— Data shown —
····················

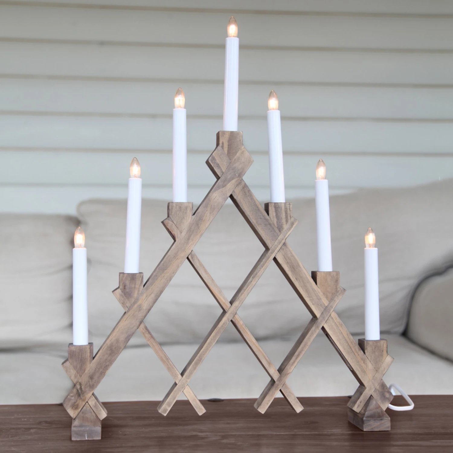 Hoher Kerzenleuchter Rut aus Holz – siebenflammig
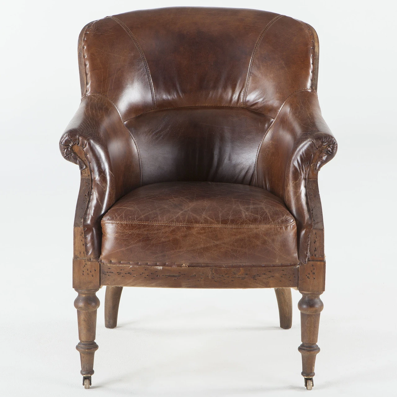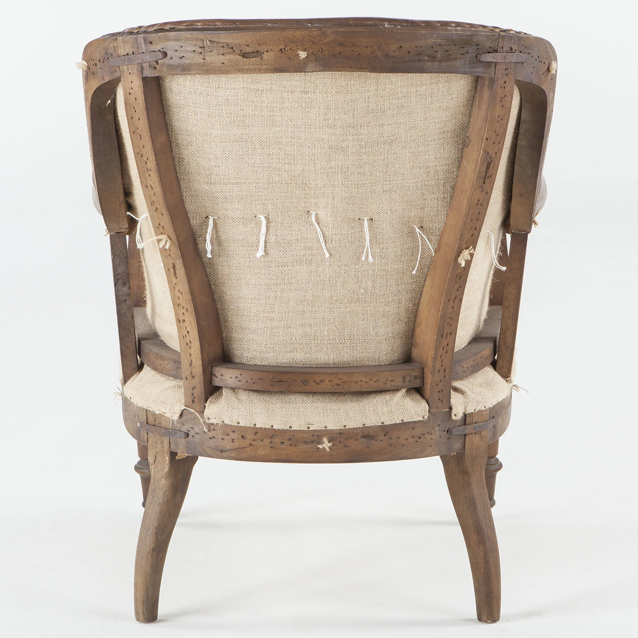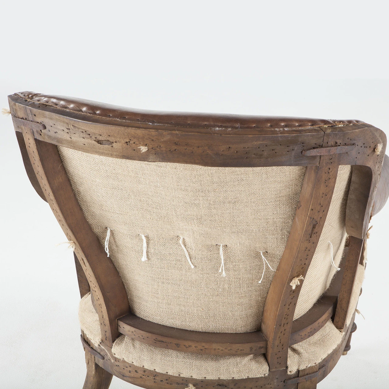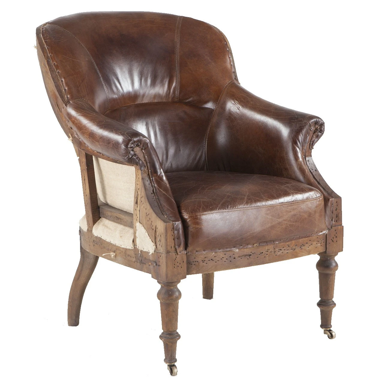 Churchill Deconstructed Vintage Leather Club Chair is upholstered in vintage cigar leather and accented with rustic nailheads. A solid hardwood dark walnut frame is left exposed along the chair’s sides and back, letting the hand finished wood grain shine through. Jute lines the back of the chair and adds a contrasting texture to the elegant leather. Though classic in style, our Deconstructed Vintage Leather Club Chairs are an attractive piece for any décor. Use it in a bedroom to create a cozy private nook, or add an extra seat to a living room, office or guest room.
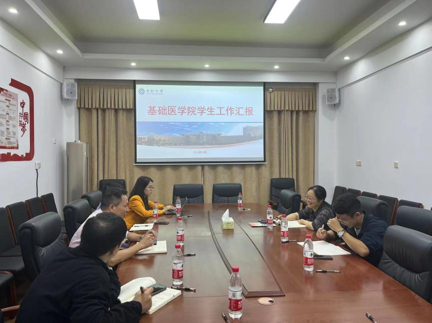 10月25日下午,肉漫屋 学工部副部长黄凯一行到基础医学院调研指导学院学生工作。会议在湘雅新校区孝骞楼344会议室举行,由院党委副书记冯虹主持。

····················

— Exercise objective —
Please return the lines above exactly, with the pictures omitted.

— Task output —
 Hoher Kerzenleuchter Rut aus Holz – siebenflammig
 Churchill Deconstructed Vintage Leather Club Chair is upholstered in vintage cigar leather and accented with rustic nailheads. A solid hardwood dark walnut frame is left exposed along the chair’s sides and back, letting the hand finished wood grain shine through. Jute lines the back of the chair and adds a contrasting texture to the elegant leather. Though classic in style, our Deconstructed Vintage Leather Club Chairs are an attractive piece for any décor. Use it in a bedroom to create a cozy private nook, or add an extra seat to a living room, office or guest room.
 10月25日下午,肉漫屋 学工部副部长黄凯一行到基础医学院调研指导学院学生工作。会议在湘雅新校区孝骞楼344会议室举行,由院党委副书记冯虹主持。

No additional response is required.